Really it's a lot about trial and error, and educating yourself on what you prefer. Sometimes you're not sure what you like, but you do know what you don't like. Knowing if you like a dry white vs a sweet white will help narrow down your search.
|If you're not sure what you like, decide what you don't like.|
Once you have narrowed down if you like a dry white or sweet white (same for red), then determine what regions you prefer. I wrote about this in my last wine blog, and the same point applies. A great example is my preference of New Zealand Sauvignon Blanc over Chilean or Napa Valley Sauvignon Blanc.
|Pay attention to wine regions.|
If it's your first time purchasing a wine you have never tasted then turn the bottle over, usually they will have the flavor profile and tasting notes on the back. They will say if it's crisp, sweet, rich, full , warm... Many times they will even note what kind of meal you might want to pair the varietal with.
|The tasting notes on the back are pretty right on most of the time.|
A great way to educate yourself and try new wines is through local retailers and sales. There are a number of great wine clubs you can subscribe to for a case or half a case of wine a month shipped right to your door, eliminating the need to hunt for a new wine. We love going to our local Publix and sampling wine a distributor may have out for tasting. Lastly, Groupon has great deals on wine companies offering a group discount to try their offerings. Personally, I just found one of my new favorites in a Publix BOGO offer. Who knew? (I may or may not have bought them out of said new favorite wine.)
I'm your friend, take it from me:) Seriously though, ask your friends, or even look up #wine on instagram, and pinterest... you may find some great suggestions along with tasting notes.
|Learn from your friends!|
Sometimes our hand is forced to purchase certain wines based on our budget and price point. Don't be deceived though, just because it's cheaper doesn't mean it doesn't taste as great as those $30 + bottles. It may just mean they had more supply and priced the vintage accordingly.
Having fish or chicken? Try a white. Having a savory pork dish or filet, you may want a red. Plenty of selections can cross over, but this is the traditional starting point. If you are having something spicy, you may want a sweeter wine to balance it out.
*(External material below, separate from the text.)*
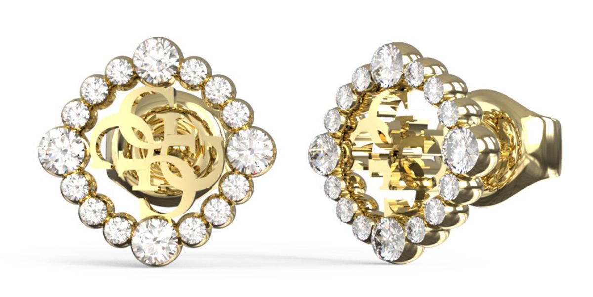 GUESS Tiny dancer kullanväriset korvakorut JUBE04645JWYGT/U on kullanväristä ruostumatonta terästä, ja niitä koristaa Guessin G-logo, sekä kirkkaat kristallit. Nappikorvakorujen koko on 10 mm. GUESS-korut toimitetaan valmistajan rasiassa.

It's all about balance and choosing something that will compliment the nuances of your meal.
|Choose a wine that will compliment the nuances of your meal.|
Tastings make for a great excuse to tour the countryside, go on a date, and learn more about the art of wine making. While you are there, you can discover more about what you like. You may find your taste buds shifting in an all new exciting direction, each time you go to a new tasting.
|Practice makes perfect right?|
Whether you keep a journal or use your phone to take a photo, document what selections you find winners and decide what your "Go To" selection is at the high, mid, and low price points for white and red. When you have your "Go To" you can easily slip in and out of the store for wine when you are on your way home or to an event.
|One of my favorite "Go To" wines.|
Stay up to date with the trends, and expand your knowledge daily, or weekly with great resources like wine blogs, wine magazines (Such as Publix Grape magazine), and other newsletters you can easily sign up for free of charge.
|There are tons of high quality free resources available like Publix Grape Magazine.|
Practice truly does make perfect, so enjoy trying all those wines and discovering what you like. Remember to drink responsibly and never drink or drive!